House put his drink down in on the bar and looked me straight in the eye; I knew he was about to answer my question. Instead he smiled a wretched smile and asked, "Why did you bring me here for drinks then? Guilty about going home to an empty apartment to get drunk alone? Real healthy." House raised his glass to me and took another sip of the cheap scotch.

I slammed my cigarette down into the ashtray so hard I burned my hand; I had put up with Houses' manipulating long enough. "Look House, I'm tired of these mental games you're playing with me as a pawn. I've put up with you long enough, and I've put up with Foreman and his "leadership skills," for even longer," gravity almost proved its worth when I attempted quotation signs, "It's frustrating and I don't have time for this. Why are you here House? What does my involvement in your life mean? Why are you doing this to me?"

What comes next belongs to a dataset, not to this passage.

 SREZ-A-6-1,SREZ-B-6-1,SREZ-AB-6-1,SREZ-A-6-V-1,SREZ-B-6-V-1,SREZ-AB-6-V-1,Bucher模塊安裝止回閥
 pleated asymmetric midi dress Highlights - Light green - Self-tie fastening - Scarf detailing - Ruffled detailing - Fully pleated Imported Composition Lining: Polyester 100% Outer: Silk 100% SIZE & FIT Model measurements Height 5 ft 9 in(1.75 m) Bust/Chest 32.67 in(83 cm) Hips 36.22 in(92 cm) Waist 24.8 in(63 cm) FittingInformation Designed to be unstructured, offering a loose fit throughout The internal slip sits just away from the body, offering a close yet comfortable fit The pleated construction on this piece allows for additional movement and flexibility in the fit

House closed his eyes; a quiet pained look took over his face. I had just told him to end his game or start playing by my rules. He obviously didn't like it, but what choice did I have? My professional life, my only life really, was on the line because of him, and I was to the point where I could no longer tolerate the extra effort he was demanding of me.

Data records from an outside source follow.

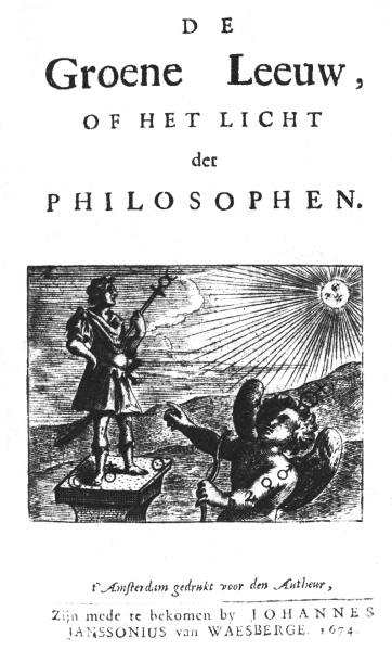 De Groene Leeuw, of het Licht der Philosophen; Vertoonende alle Koninklijke Handelingen in het openen en ontsluiten der Metalen, Mineralen, Vegetabilische en Animalische saken, het onderkennen van hare Natuur en Souten, seer dienstig tot vele vele heerlijke Medicynen, tot verscheide schoone Verwen en Tincturen, en meer andere nutte voortreffelijke werken der Konst, uit eigen ondervinding gustig voorgestelt, door Goosen van Vreeswyk, Berg-meester. Met vele noodige kopere platen verciert. Jansson, Amsterdam, 1674.
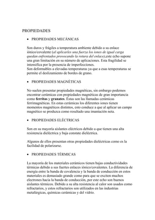 Los materiales cerámicos son compuestos inorgánicos constituidos principalmente por enlaces iónicos y/o covalentes entre elementos metálicos y no metálicos. Presentan estructuras cristalinas complejas como la perovskita y espinela. Son duros y frágiles, aislantes eléctricos y térmicos, y se usan ampliamente en alfarería, construcción, electrónica y como refractarios.
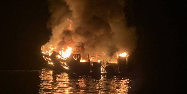 Segundo o Departamento de Bombeiros do condado de Ventura, às 3h15 da madrugada desta segunda-feira (7h15 em Brasília) agentes da Guarda Costeira ouviram pelo rádio um chamado alertando que o Conception, uma embarcação de passeio com 23 metros de comprimento, estava pegando fogo. Quando a operação de socorro começou, por volta de 3h30, o barco estava "envolto em chamas", conforme descreveu a capitã Monica Rochester, da Guarda Costeira.

"Your success ensures my freedom, and in the long run, your freedom as well." House quietly whispered, conceding to the truth with his eyes still closed, almost afraid to look in my eyes. He slowly stood up and gathered his few meager possessions from the bar; he dropped an old book from his arms, one so old the name had been rubbed off long ago. "I'd like to explain more, but you're not ready yet. That's why you need to contact Cameron; Foreman won't recognize his past and the rest of them are gone. If you're not going to Chicago, the least you can do is call her. Good night Doctor Livingston, I'll see you at the bus stop in the morning."

"No you won't." I whispered under my breath into the last sip of my vodka so as no one would hear.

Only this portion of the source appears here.